Parser::from accepts &str or &[u8]; use Parser::from_reader(reader) to parse from any BufRead, and .options(ParserOptions { .. }) to configure parsing.

Reusable XPath Queries

evaluate(&doc, "…") re-parses the expression on every call. To run the same expression against many documents, compile it once with Query:

use fastxml::{Parser, Query};

let query = Query::compile("//item")?;

let a = Parser::from("<root><item/><item/></root>").parse()?;
let b = Parser::from("<root><item/></root>").parse()?;

assert_eq!(query.find_nodes(&a)?.len(), 2);
assert_eq!(query.find_nodes(&b)?.len(), 1);

Namespaces declared on each document's root are registered automatically; add extra bindings with .namespace(prefix, uri). Use .eval(&doc) for a typed XPathResult, or .eval_from(&doc, &node) to start from a context node. A compiled Query (and StreamableQuery) renders back to an equivalent XPath string via to_string().

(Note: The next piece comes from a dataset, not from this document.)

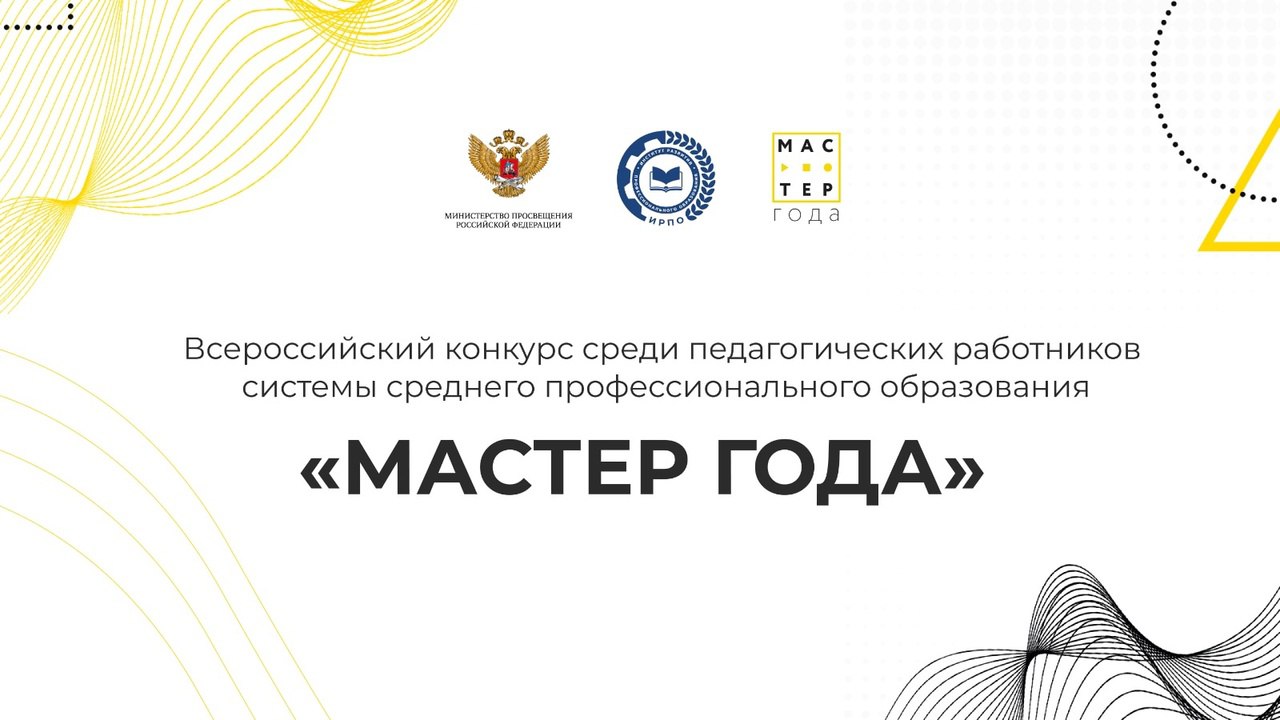 Всероссийский конкурс среди педагогических работников системы среднего профессионального образования «Мастер года» проводится с целью формирования и развития кадрового потенциала системы среднего профессионального образования. Всероссийский конкурс проводится для мастеров производственного обучения или преподавателей учебных дисциплин, профессиональных модулей, междисциплинарных курсов, практик профессионального цикла. Учредитель конкурса «Мастер года» Министерство просвещения Российской Федерации. Федеральный оператор – ФГБОУ ДПО “Институт развития профессионального образования”. Соорганизатор – Общероссийский профсоюз образования.

The QueryExt trait adds method-call ergonomics on the document itself. Its argument is anything that is AsQuery, so a string and a pre-compiled Query are interchangeable:

use fastxml::{Parser, Query, QueryExt};

let doc = Parser::from("<root><item/><item/></root>").parse()?;

// String: compiled on the fly.
assert_eq!(doc.query_nodes("//item")?.len(), 2);
let n = doc.query("count(//item)")?.to_number();

// Pre-compiled query: reused without re-parsing.
let q = Query::compile("//item")?;
assert_eq!(doc.query_nodes(&q)?.len(), 2);

Serializing to XML

Printer turns a parsed document or node back into XML:

use fastxml::{Parser, Printer};

let doc = Parser::from("<root><child>hi</child></root>").parse()?;

let xml = Printer::from(&doc).to_string()?;            // whole document, with <?xml ?>
let pretty = Printer::from(&doc).pretty().to_string()?; // indented

// Stream straight to any writer, no intermediate String:
Printer::from(&doc).write_to(&mut std::io::stdout())?;

Printer::from accepts &XmlDocument, &XmlNode, or &XmlRoNode (a document emits an XML declaration by default, a single node does not). Builders: .pretty() / .indent(s) / .declaration(bool) / .encoding(s). Terminals: .to_string() / .into_bytes() / .write_to(w).

Streaming Parser

For a quick, buffered list of events:

use fastxml::Parser;

for event in Parser::from(xml).events()? {
    // inspect each XmlEvent
}

To process large files with constant memory, use for_each_event — the callback is invoked as each event is read, nothing is buffered, and it may capture and mutate local state:

use fastxml::Parser;
use fastxml::event::XmlEvent;
use std::io::BufReader;
use std::fs::File;

let file = File::open("large_file.xml")?;

let mut elements = 0;
Parser::from_reader(BufReader::new(file)).for_each_event(|event| {
    if let XmlEvent::StartElement { .. } = event {
        elements += 1;
    }
    Ok(())
})?;
println!("{elements} elements");

Stream Transform

Transform XML with XPath-based element selection:

use fastxml::transform::Transformer;

let xml = r#"<root><item id="1">A</item><item id="2">B</item></root>"#;

// Modify elements (supports multiple handlers), render the result as a String
let result = Transformer::from(xml)
    .on("//item[@id='2']", |node| node.set_attribute("modified", "true"))
    .to_string()?;

// Iterate for side effects (no output transformation)
let mut ids = Vec::new();
Transformer::from(xml)
    .on("//item", |node| {
        ids.push(node.get_attribute("id").unwrap_or_default());
    })
    .for_each()?;

Terminals: to_string(), into_bytes(), write_to(&mut writer), and for_each().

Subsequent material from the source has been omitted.